In fact Abu Sitta is best known for his cartographic work on Palestine. Founder and president of the Palestine Land Society, an independent non-profit scholarly society dedicated towards research and information-gathering on Palestine, he is also the author of six books, including his bestselling memoir, Mapping My Return (AUC Press, 2017, paperback).

During his visit to the Egyptian capital earlier this month, Abu Sitta was invited to speak at the Netherlands-Flemish Institute in Cairo. Here are highlights of his talk.

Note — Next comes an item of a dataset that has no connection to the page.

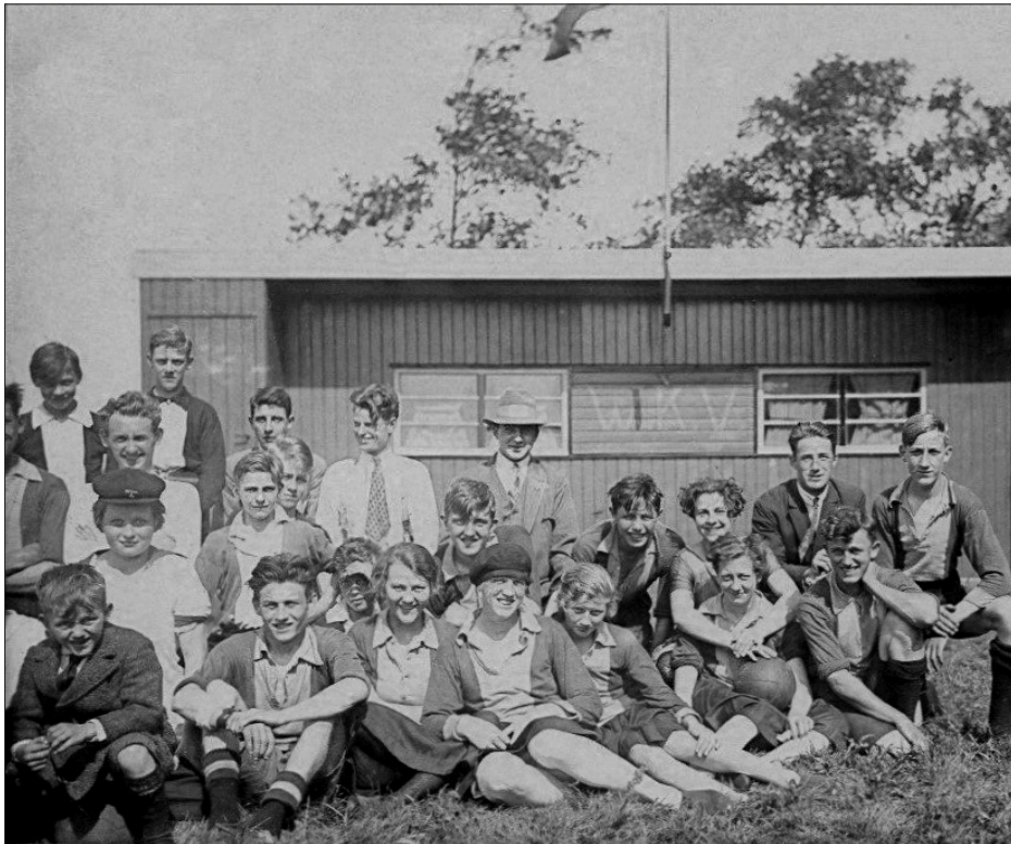
Het clubhuis van GroenGeel in 1929.

dat een korfbalvereniging in Wormer tot wasdom kon komen in een dorp waarvan veel inwoners niets moesten hebben van een gemengde sport of sporten op zondag? GroenGeel heeft een groot aantal niet spelende leden, die levenslang lid blijven, waarom word je GroenGeler voor het leven?

There’s a myriad of resolutions against the violations [committed by Israel] classifying them as illegal and as war crimes. Yet vetoes are being upheld. The Boycott, Divestment, Sanctions (BDS) movement has been greatly successful, thanks to people like you.

The Balfour Declaration

After WWI, Palestine was to be independent. In the end, Iraq became independent but not Palestine because of the Balfour Declaration. The fate of the state of Palestine was included in a secret agreement between Britain and rich Jews such as [Walter] Rothschild, [2nd Baron Rothschild, leader of the British Jewish community]. Britain had no legal rights to give Palestine away, its land. It was plain treachery!

Settlers and the Nakba

Britain left Palestine at the end of its mandate in 1948 and allowed immigrants into Palestine. This led to a large wave of Jewish European settlers there. By 1947 there were 500,000 Jewish settlers. The United Nations proposed the Partition Plan for Palestine at the end of the British Mandate. The Zionists accepted it but not the Palestinians. Seven hundred Palestinian villages came under the control of Jewish settlers but Palestinians were not ready to be ruled by foreign settlers. The Partition Plan had no legal basis. In March 1948 it was dropped, which led to a lot of bloodshed. The Jews took over 80% of Palestine, deporting Palestinians from 6,700 Palestinian villages. They formed an army and occupied the land.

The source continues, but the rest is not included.